On the premises of Matta Paints and Hardware Store, the appellants were searched, under the intelligence against the main notice M/s. Real Paint, on 13.09.2011 on the allegations that the appellant is engaged in the sale of goods manufactured and clandestinely cleared by said M/s. Real Paint. During said search goods worth Rs.1,01,21,609/- along with several Rs. 12,53,500/- Indian currency (INR) was seized by the Anti Evasion team by seizure memo dated 05.03.2012.
The sum so seized was got fixed in a deposit with Syndicate Bank on 05.03.2012 itself. The said currency along with the goods seized was proposed to be confiscated vide common show cause notice No.579 dated 13.3.2012. The proposal was confirmed vide Order-inOriginal No. 13/2018 dated 22.5.2018.

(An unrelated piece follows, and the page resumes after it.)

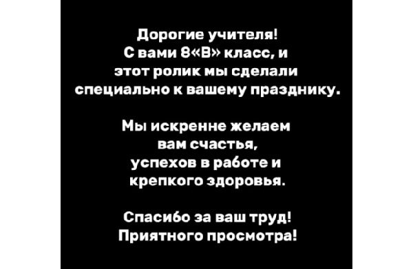 8"Ә" сынып оқушылары дайындаған Мұғалімдер күніне арналған бейнеқұттықтау.
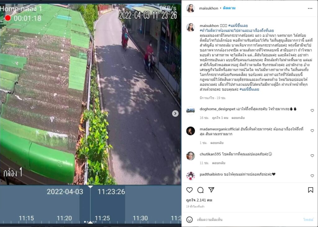 “แม่นี่ขึ้นเลย ถ้าไม่ติดว่าท้องแม่จะไปด่าและเอาเรื่องถึงที่เลย คุณแม่ของสามีโดนกระชากสร้อยค่ะ แถว อ.บ้านนา นครนายก ได้สร้อยติดมือโจรไปเล็กน้อยพอดีท่านจับสร้อยไว้ทัน ไม่งั้นสูญเสียมากกว่านี้ แต่ที่สำคัญคือ ท่านรถล้ม บาดเจ็บจากการโดนกระชากสร้อยค่ะ

The appellant has still challenged the same in the present appeal as his request for sanction of interest earned by the Revenue from the date of seizure/ deposit of aforesaid sum in fixed deposit till the refund was granted to the appellant has not been considered.
The currency in question has been the appellant’s property. He cannot be deprived of the same and is entitled to benefits arising out of the said property. Hence interest accrued on the amount in question during the period it was in fixed deposit is the property of the owner of the amount i.e. the appellant herein.
A Coram of Dr Rachna Gupta, member(judicial) observed that since the amount in question was not the amount of pre-deposit as required under section 35F of the Central Excise Act, section 35FF has been wrongly invoked by Commissioner (Appeals). The Commissioner (Appeals) has committed an error while holding that since there is no provision to grant interest on the seized currency notes while refunding the said currency, the interest from the date of seizure cannot be granted.
Since the order of confiscation, and the impugned currency stand set aside, the Department had no authority to retain the said amount nor any authority to retain the interest accrued on the said amount. Had the amount in question been fixed by the appellant himself, over a period of 9 years, he would have earned a handsome amount of interest. Retention of said interest with the Department will rather be the unjust enrichment of the Department and will amount to a deprivation of the appellant of his property, currency notes being the property in terms of Article 300 A of the Constitution of India.
The Court set aside the order under challenge and the appellant is held entitled to a refund of interest on the principal amount at the rate of 12% from the date of its seizure.